# GOAL OF THE EXERCISE:
Write out the entries below exactly, but only from the line containing "Digital Sheet Music" through the line containing "بمناسبة اليوم العالمي", and without the pictures.

==============================

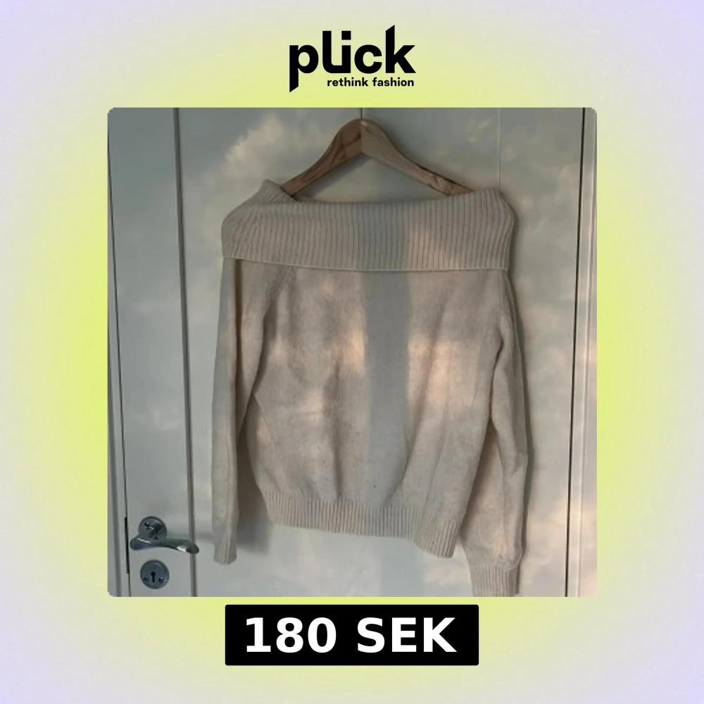 Säljer en krämvit stickad offshoulder-tröja från H&M i storlek 164. Tröjan har bred ribbad kant upptill och vid ärmslut, samt lång ärm.
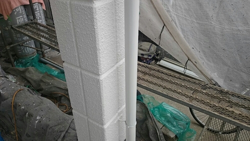 外壁外壁 施工中雨樋 一回目雨樋 施工後
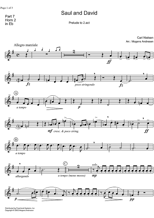 Digital Sheet Music for Saul and David - Prelude to Act 2 - Horn in E-flat 2 by Mogens Andresen, Carl Nielsen scored for Brass Ensemble; id:331991
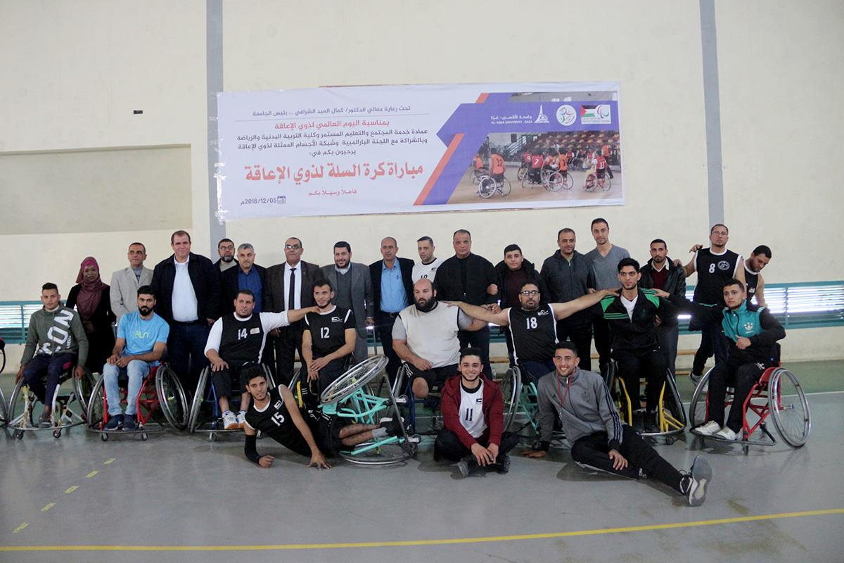 بمناسبة اليوم العالمي لذوي الإعاقة، استضافت جامعة الأقصى بطولة كرة السلة لذوي الإعاقة، وبالتعاون مع كلية التربية البدنية والرياضة وبالشراكة مع اللجنة البارالمبية، وشبكة الأجسام الممثلة لذوي الإعاقة، والتي كانت بين فريقي نادي السلام ونادي جمعية المعاقين.
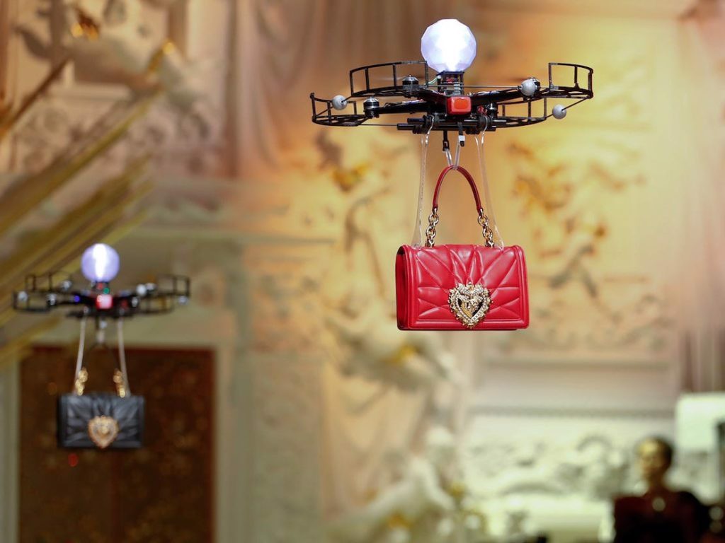 Ai cần người mẫu khi bạn có máy bay không người lái! Vào năm 2018, máy bay không người lái quadcopter mang túi xách bằng da và nạm trang sức từ bộ sưu tập Thu Đông của D&G thay vì những người mẫu sẽ xách chúng và catwalk. Để đảm bảo công nghệ hoạt động tối ưu, khán giả được yêu cầu tắt Wi-Fi trên điện thoại của họ cũng như bất kỳ điểm phát sóng cá nhân nào.
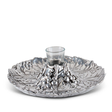 Set the scene for effortless elegance with Arthur Court’s exquisitely designed 14” round chip and dip tray. Inspired by the sun-drenched olive groves of the Mediterranean, this piece features beautifully sculpted olive branches laden with fruit and leaves, creating a sense of rustic sophistication. At the heart of the tray, a permanent dip bowl—perfectly sized to hold up to 8 ounces of your favorite dip, salsa, or sauce—makes entertaining easy and stylish. The timeless olive motif blends seamlessly with a variety of serving pieces, while also shining as an integral piece of the Arthur Court Olive collection.
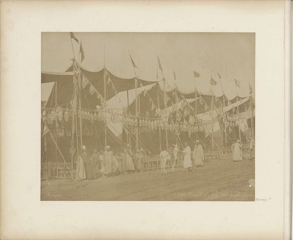 This is Jan Willem Arnold's photograph, "Koninklijk bezoek bij militaire post," taken sometime in the late 19th century. What strikes me first is how the light seems to flatten everything, a hazy monochrome that turns the scene into a kind of stage. Look closely at the figures; they seem almost like cutouts pasted onto the landscape. The sepia tone gives the whole image a feeling of distance, like looking at a memory. I think about how the mechanical process of early photography must have felt to artists at the time, this new way of capturing a moment. Now, focus on that figure holding the parasol. See how its form echoes the shape of the tent in the background? It is details like these, which invite you to pause, slow down, and make connections. It reminds me a bit of Atget, another artist who used photography to capture everyday life with an almost dreamlike quality. Ultimately, this image embraces a sense of quiet observation, of finding beauty in the mundane.
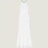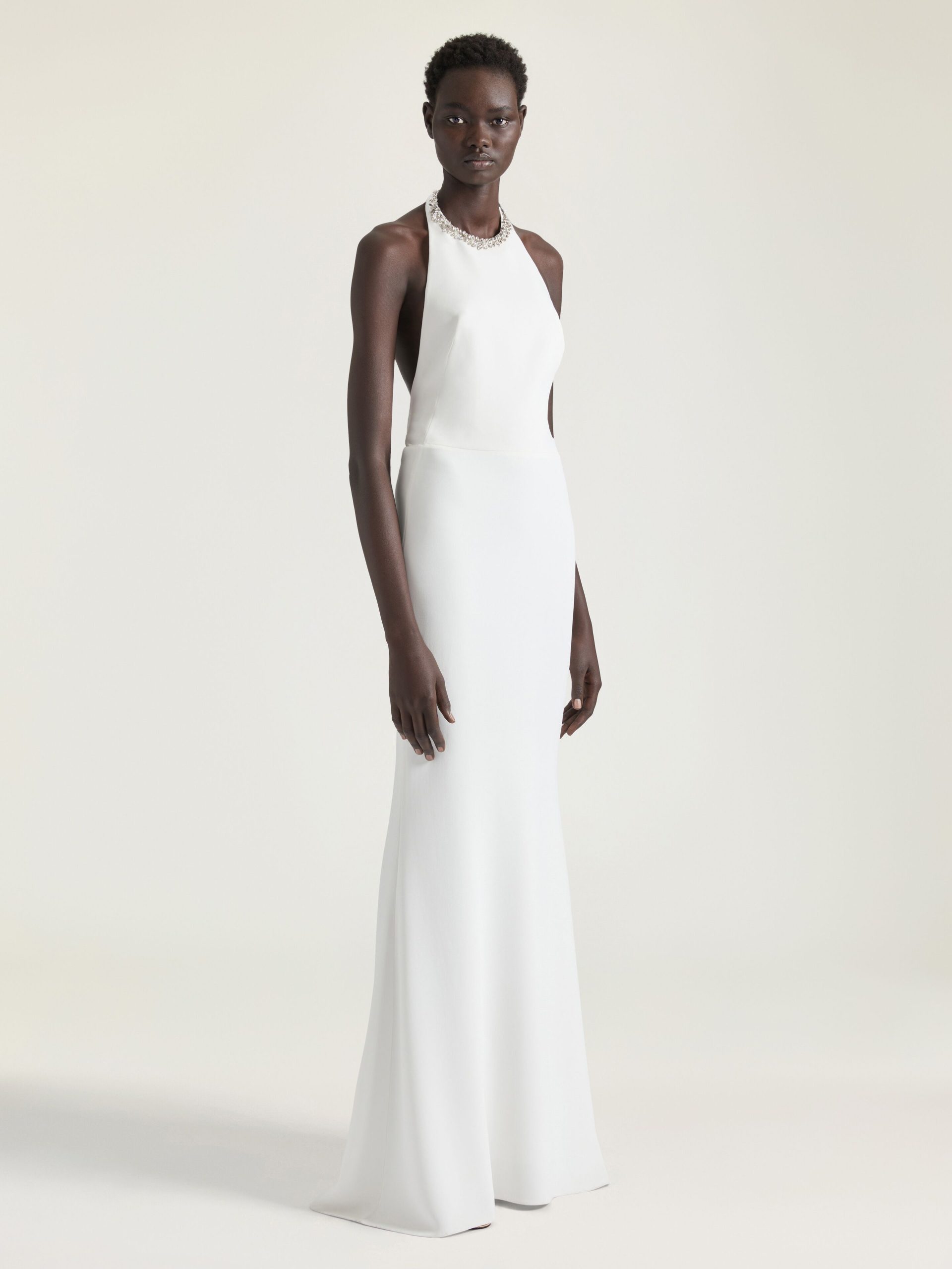 - Invisible zipped closure on the back and hook at neck.
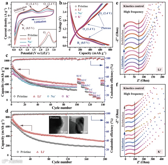 图5. Mo2CTxMXene电极的电化学性能表征。(a) 1mV s-1小的CV曲线,插入图显示了原始Mo2CTx和Li+-Mo2CTx电极在~1.35 V时放大的阳极峰。(b) GCD曲线。(c)原始Mo2CTx和Li+/Na+/K+-Mo2CTx电极的循环稳定性和速率能力。(d)原始Mo2CTx和Li+-Mo2CTx电极200次循环后的循环性能,插图为循环后的TEM图像。(e)Li+- Mo2CTx和(f) K+-Mo2CTx电极的原位EIS光谱。
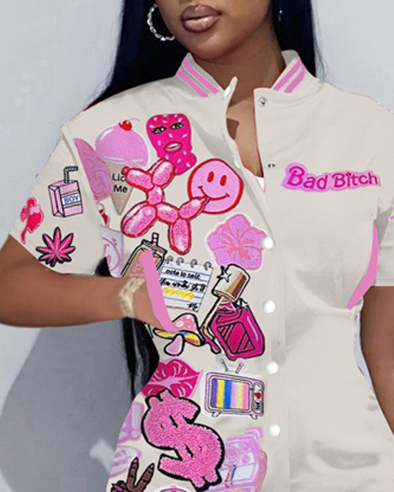 Graphic Print Baseball Collar Casual Dress
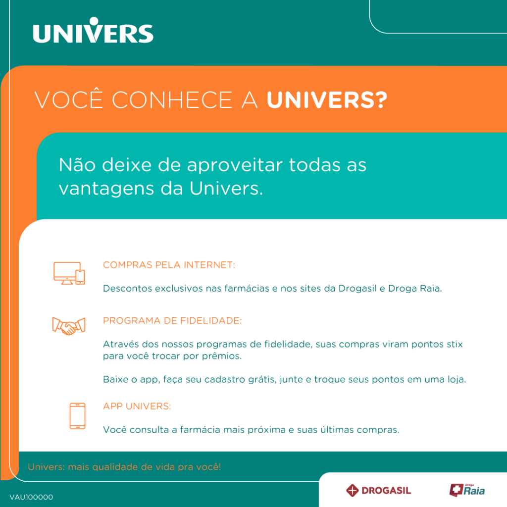 Além disso, existem as vantagens da Univers, um programa com descontos especiais para quem possui benefício de empresa, plano de saúde ou outras parcerias. Confira:
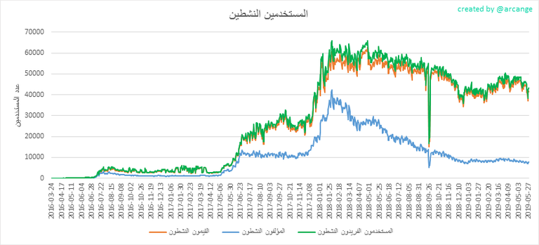 يعرض هذا المخطط عدد المستخدمين المسجلين حديثًا على blockchain وعددهم الذين أصبحوا نشطين. نرى أن الكثير من الحسابات مسجلة ، ولكن لم يتم استخدامها مطلقًا.
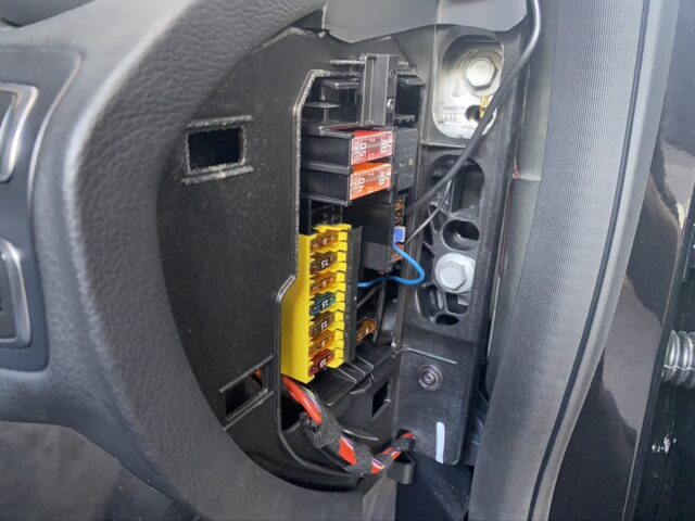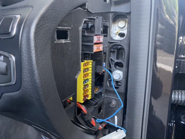 W205前期の場合は運転席横のカバーを開けた中にあるヒューズボックスからACC電源を取ります。

==============================

# RESULT OF THE EXERCISE:
 Digital Sheet Music for Saul and David - Prelude to Act 2 - Horn in E-flat 2 by Mogens Andresen, Carl Nielsen scored for Brass Ensemble; id:331991
 بمناسبة اليوم العالمي لذوي الإعاقة، استضافت جامعة الأقصى بطولة كرة السلة لذوي الإعاقة، وبالتعاون مع كلية التربية البدنية والرياضة وبالشراكة مع اللجنة البارالمبية، وشبكة الأجسام الممثلة لذوي الإعاقة، والتي كانت بين فريقي نادي السلام ونادي جمعية المعاقين.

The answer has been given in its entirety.